Ich tippe es ein, setze den Haken auf eingeloggt bleiben und bin drin. Aber wenn ich ein nächstes mal komme, muss ich mich erneut einloggen. Das ist in anderen Foren nicht der Fall.

----------


## Hartmut S

Hallo Daniela,

das funktioniert aus Sicherheitsgründen nicht.
... und das ist gut so.
Du solltest keine Passwörter speichern.

Gruss
Hartmut

----------


## Hvielemi

> Du solltest keine Passwörter speichern.


Ja, richtig, das Elfte Gebot!

Und trotzdem funktioniert das bei mir auf dem iPad mini bestens,
auch auf iPhon und PC.

An die anderen zehn Gebote halte ich mich auch nur selektiv.
Mücken z.B. töte ich. Kakerlaken nicht, weil ich die Mistviecher
nie erwische oder weil es mich zu sehr vor den Viechern ekelt. 
(Nicht bei mir zuhause aber auf den Kanaren, in Afrika.)
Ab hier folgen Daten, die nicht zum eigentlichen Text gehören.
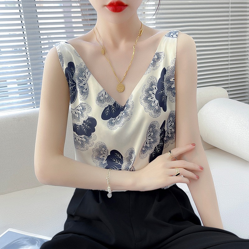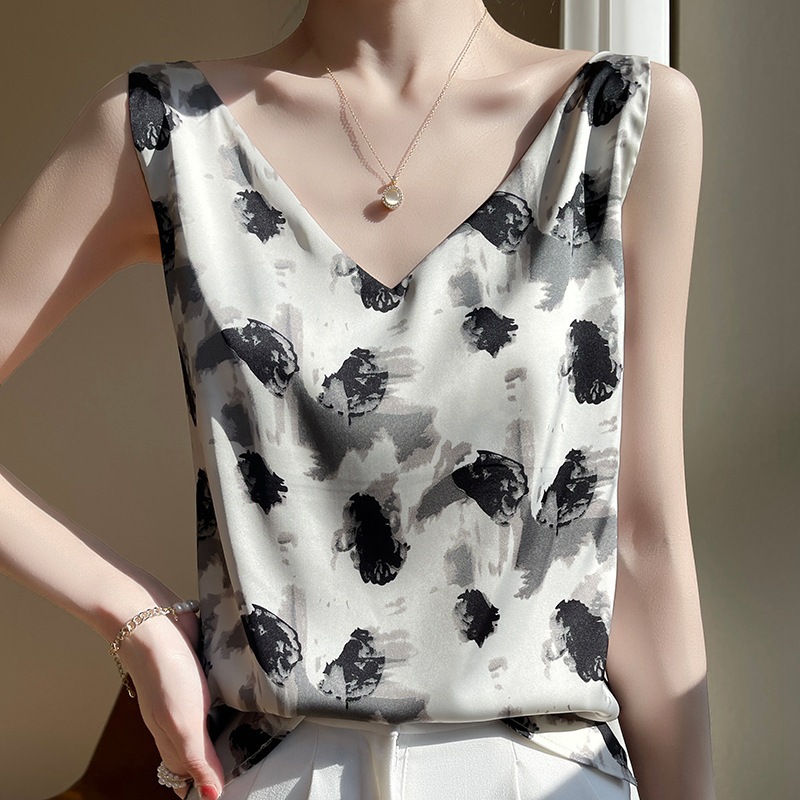| nameOriginal | Silk 2024 Women's Spring and Summer New Slim-fit V-neck Double-shoulder Printed Elegant Inner Top Camisole Vest |

ähem..., wie war das Thema bitte?

Achja, iPad mini: Ich weiss nicht mehr, wie ich das zustandebrachte.
Das ist ja alles so _intuitiv_ ...

Konrad

----------


## daniela3

Ja, seltsamerweise funktioniert es jetzt plötzlich doch, aber nur am ipad mini, an iphone nicht. Echt komisch...

----------


## RolandHO

Vielleicht liegt's dadran:

wenn du die Arbeit im Forum beenden willst, darfst du nicht oben rechts "Abmelden" anklicken,
sondern einfach das Browser-Fenster schließen. (So funktioniert's auf dem iMac unter Firefox)

----------


## uwes2403

Moinsen,

löschen die I - Produkte evtl. beim Beenden der Browser Sitzung automatisch alle Cookies - oder ist der Browser so eingestellt ? Das könnte ein Grund sein, warum die automatische Anmeldung nicht funktioniert...

Uwe

----------